*** Block opens ***
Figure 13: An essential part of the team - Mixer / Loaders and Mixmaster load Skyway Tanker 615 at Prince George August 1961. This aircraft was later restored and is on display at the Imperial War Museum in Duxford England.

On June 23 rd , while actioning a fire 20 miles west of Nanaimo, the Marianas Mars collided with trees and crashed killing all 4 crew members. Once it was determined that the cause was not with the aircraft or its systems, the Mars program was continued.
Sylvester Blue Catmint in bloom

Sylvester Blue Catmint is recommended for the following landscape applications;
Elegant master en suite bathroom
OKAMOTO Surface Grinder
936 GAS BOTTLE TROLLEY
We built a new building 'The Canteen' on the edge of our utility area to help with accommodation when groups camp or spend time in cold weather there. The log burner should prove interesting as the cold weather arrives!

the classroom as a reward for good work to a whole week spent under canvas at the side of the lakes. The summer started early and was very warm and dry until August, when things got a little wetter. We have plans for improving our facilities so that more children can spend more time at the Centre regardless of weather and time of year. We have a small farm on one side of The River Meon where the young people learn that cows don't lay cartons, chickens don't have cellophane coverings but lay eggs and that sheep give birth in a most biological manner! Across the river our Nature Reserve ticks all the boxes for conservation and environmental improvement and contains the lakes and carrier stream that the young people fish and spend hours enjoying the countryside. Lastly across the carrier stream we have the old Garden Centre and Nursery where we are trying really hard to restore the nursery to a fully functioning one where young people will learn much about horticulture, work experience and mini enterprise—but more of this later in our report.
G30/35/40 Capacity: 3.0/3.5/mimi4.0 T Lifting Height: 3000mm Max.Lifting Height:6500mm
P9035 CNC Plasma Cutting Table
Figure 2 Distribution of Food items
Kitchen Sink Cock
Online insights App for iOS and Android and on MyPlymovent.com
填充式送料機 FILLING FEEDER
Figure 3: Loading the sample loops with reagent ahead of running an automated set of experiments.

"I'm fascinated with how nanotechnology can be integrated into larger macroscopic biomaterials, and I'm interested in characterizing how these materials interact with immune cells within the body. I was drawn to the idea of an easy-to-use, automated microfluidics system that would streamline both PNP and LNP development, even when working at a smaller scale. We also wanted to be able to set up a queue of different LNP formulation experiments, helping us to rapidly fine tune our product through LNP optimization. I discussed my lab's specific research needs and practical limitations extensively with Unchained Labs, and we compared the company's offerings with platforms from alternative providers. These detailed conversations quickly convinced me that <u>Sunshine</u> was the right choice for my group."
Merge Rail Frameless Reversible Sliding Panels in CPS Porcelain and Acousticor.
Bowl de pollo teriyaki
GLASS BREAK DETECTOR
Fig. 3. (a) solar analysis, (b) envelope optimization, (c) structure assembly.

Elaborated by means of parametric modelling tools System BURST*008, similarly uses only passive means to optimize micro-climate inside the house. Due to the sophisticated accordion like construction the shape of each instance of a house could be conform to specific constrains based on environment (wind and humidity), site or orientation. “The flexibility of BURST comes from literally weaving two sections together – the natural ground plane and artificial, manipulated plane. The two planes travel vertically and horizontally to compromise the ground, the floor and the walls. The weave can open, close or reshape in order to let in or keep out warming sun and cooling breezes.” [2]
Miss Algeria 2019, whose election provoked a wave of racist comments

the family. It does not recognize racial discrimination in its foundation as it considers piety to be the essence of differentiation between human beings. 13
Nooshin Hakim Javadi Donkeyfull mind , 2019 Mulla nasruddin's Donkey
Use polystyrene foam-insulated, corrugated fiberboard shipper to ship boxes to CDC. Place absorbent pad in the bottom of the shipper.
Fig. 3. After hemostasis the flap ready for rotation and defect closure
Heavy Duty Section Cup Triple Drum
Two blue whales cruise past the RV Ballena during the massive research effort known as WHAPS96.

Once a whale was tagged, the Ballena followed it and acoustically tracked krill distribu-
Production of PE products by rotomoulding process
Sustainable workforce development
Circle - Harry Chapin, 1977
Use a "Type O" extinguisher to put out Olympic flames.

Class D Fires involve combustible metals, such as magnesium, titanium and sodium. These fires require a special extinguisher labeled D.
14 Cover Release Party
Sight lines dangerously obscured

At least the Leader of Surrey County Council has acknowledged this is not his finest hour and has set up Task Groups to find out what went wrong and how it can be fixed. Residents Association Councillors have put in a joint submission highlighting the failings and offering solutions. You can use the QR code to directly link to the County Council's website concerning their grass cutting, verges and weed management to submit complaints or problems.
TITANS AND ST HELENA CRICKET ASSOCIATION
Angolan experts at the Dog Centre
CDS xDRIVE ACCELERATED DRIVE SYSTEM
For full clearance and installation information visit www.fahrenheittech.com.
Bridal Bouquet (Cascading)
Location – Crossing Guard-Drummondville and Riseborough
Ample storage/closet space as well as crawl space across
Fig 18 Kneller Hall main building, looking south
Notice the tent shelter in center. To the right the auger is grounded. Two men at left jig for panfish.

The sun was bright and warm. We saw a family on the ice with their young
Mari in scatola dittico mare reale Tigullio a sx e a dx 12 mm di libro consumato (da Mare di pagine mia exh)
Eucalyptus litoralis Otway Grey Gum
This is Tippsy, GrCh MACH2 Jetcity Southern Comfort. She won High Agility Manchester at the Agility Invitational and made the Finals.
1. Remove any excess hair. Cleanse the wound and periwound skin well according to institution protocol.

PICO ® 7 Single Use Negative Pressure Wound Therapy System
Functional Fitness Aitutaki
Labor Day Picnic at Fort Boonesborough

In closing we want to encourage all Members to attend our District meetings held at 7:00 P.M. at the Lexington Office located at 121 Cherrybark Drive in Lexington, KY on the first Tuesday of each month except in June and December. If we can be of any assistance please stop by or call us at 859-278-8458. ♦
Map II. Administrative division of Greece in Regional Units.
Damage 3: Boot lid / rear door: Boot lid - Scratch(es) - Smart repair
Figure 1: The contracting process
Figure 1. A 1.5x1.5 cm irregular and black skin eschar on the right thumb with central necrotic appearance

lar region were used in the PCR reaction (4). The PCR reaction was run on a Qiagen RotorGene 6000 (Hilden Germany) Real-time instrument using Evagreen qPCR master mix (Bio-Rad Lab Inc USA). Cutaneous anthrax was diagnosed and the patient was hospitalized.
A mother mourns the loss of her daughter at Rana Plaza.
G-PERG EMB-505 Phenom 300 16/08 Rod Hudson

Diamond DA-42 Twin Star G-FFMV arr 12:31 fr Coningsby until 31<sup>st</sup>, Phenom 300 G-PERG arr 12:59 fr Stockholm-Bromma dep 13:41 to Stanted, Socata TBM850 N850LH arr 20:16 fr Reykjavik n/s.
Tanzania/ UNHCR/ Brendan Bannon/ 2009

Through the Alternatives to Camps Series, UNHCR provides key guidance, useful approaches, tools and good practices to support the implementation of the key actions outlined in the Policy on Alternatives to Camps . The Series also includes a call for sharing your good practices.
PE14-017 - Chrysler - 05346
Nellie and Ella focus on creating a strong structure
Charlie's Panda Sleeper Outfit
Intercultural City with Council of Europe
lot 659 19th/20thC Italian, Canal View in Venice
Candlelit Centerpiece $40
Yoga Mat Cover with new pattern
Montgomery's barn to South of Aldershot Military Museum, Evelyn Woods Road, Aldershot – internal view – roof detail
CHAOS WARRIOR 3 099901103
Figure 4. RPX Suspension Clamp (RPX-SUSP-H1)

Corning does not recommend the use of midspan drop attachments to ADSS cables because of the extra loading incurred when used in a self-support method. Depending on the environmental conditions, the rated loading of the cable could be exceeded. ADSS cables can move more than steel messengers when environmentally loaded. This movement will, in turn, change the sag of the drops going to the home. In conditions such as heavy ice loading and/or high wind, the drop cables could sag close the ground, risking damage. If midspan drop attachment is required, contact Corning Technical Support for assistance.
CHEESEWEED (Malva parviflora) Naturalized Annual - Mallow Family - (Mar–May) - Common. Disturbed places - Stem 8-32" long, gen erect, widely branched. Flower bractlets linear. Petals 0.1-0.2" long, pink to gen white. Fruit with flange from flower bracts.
*** Block closes ***
**What is needed:** Look for the word "UNHCR" in the data, then return every line that contains it.

**Result of this exercise:**
Tanzania/ UNHCR/ Brendan Bannon/ 2009
Through the Alternatives to Camps Series, UNHCR provides key guidance, useful approaches, tools and good practices to support the implementation of the key actions outlined in the Policy on Alternatives to Camps . The Series also includes a call for sharing your good practices.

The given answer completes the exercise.